Equation \ref{eq:MLE} shows the maximum likelihood estimator (MLE) of the $p_{ij}$ entry, where the $n_{ij}$ element consists in the number sequences $\left( X_{t}=s_{i}, X_{t+1}=s_{j}\right)$ found in the sample, that is

\begin{equation} {\hat p^{MLE}}{ij} = \frac{n{ij}}{\sum\limits_{u = 1}^k {n_{iu}}}. \label{eq:MLE} \end{equation}

Equation \@ref(eq:SE) shows the standardError of the MLE \citep{MSkuriat}.

\begin{equation} SE_{ij} = \frac{ {\hat p^{MLE}}{ij} }{\sqrt{n{ij}}} \label{eq:SE} \end{equation}

weatherFittedMLE <- markovchainFit(data = weathersOfDays, method = "mle",name = "Weather MLE")
weatherFittedMLE$estimate
weatherFittedMLE$standardError

The Laplace smoothing approach is a variation of the MLE, where the $n_{ij}$ is substituted by $n_{ij}+\alpha$ (see Equation \ref{eq:LAPLACE}), being $\alpha$ an arbitrary positive stabilizing parameter.
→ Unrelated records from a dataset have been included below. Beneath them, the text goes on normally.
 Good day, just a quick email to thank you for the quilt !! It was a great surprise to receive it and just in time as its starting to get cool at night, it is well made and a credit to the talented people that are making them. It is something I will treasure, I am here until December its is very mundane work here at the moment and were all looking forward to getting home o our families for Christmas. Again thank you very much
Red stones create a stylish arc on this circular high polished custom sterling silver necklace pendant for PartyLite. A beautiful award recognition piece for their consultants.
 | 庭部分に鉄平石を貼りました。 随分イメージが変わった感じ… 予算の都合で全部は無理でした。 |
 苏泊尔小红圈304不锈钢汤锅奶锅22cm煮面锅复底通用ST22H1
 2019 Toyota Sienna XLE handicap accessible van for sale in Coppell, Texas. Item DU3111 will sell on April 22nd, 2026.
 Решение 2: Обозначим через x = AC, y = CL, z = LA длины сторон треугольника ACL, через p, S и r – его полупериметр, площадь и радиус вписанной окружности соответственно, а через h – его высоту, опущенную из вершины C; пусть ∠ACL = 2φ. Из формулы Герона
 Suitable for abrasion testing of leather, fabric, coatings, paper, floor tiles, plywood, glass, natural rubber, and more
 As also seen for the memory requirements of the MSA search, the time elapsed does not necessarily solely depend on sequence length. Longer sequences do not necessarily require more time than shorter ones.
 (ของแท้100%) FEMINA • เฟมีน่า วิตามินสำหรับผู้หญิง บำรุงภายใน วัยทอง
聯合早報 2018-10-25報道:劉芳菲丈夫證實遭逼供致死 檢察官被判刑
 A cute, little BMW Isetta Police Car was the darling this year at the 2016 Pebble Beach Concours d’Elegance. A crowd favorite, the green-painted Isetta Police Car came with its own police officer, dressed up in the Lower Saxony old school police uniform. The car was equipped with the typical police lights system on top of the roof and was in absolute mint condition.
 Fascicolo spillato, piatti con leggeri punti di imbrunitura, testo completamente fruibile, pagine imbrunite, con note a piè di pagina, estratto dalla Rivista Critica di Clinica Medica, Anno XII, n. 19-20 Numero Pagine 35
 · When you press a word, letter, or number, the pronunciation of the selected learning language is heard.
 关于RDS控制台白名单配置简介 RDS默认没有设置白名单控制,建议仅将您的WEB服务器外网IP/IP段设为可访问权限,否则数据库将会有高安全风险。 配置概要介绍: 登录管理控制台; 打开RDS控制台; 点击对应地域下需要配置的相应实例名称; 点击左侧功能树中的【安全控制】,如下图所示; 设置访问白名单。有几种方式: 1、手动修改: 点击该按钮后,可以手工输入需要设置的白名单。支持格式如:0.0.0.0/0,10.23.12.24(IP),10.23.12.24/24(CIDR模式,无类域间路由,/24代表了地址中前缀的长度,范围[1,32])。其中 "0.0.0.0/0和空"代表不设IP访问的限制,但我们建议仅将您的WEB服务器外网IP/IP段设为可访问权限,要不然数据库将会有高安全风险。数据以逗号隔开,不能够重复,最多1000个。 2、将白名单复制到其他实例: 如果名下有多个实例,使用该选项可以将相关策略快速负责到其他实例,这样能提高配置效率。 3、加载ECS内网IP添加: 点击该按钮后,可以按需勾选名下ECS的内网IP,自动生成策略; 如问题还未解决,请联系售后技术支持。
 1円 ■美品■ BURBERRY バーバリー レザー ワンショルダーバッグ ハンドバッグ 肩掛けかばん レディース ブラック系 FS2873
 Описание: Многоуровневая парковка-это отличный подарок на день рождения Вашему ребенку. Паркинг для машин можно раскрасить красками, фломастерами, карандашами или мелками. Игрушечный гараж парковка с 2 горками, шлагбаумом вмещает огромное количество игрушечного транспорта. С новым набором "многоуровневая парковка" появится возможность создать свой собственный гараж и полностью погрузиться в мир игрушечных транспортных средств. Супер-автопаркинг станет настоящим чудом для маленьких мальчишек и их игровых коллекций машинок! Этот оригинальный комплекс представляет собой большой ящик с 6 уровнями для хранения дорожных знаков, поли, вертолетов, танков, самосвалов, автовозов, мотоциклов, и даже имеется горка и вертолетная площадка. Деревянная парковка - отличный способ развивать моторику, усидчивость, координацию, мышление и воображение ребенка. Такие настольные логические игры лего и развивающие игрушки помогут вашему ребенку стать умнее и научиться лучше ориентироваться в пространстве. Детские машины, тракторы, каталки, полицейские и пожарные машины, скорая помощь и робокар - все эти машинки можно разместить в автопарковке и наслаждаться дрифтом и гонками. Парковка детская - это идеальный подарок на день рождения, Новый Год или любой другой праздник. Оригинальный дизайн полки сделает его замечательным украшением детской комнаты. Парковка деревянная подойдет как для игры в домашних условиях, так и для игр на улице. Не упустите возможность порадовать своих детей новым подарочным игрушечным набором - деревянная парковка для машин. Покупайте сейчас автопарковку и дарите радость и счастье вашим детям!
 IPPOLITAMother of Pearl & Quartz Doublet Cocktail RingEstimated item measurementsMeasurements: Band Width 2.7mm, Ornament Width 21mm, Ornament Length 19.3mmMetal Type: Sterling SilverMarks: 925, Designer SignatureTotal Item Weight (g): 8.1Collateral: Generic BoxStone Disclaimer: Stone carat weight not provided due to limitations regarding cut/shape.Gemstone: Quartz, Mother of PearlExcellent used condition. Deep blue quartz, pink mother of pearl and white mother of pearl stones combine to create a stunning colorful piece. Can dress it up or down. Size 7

\begin{equation} {\hat p^{LS}}{ij} = \frac{{{n{ij}} + \alpha }}{{\sum\limits_{u = 1}^k {\left( {{n_{iu}} + \alpha } \right)} }} \label{eq:LAPLACE} \end{equation}

weatherFittedLAPLACE <- markovchainFit(data = weathersOfDays, 
                                    method = "laplace", laplacian = 0.01,
                                    name = "Weather LAPLACE")
weatherFittedLAPLACE$estimate

(NOTE: The Confidence Interval option is enabled by default. Remove this option to fasten computations.) Both MLE and Laplace approach are based on the createSequenceMatrix functions that returns the raw counts transition matrix.

createSequenceMatrix(stringchar = weathersOfDays)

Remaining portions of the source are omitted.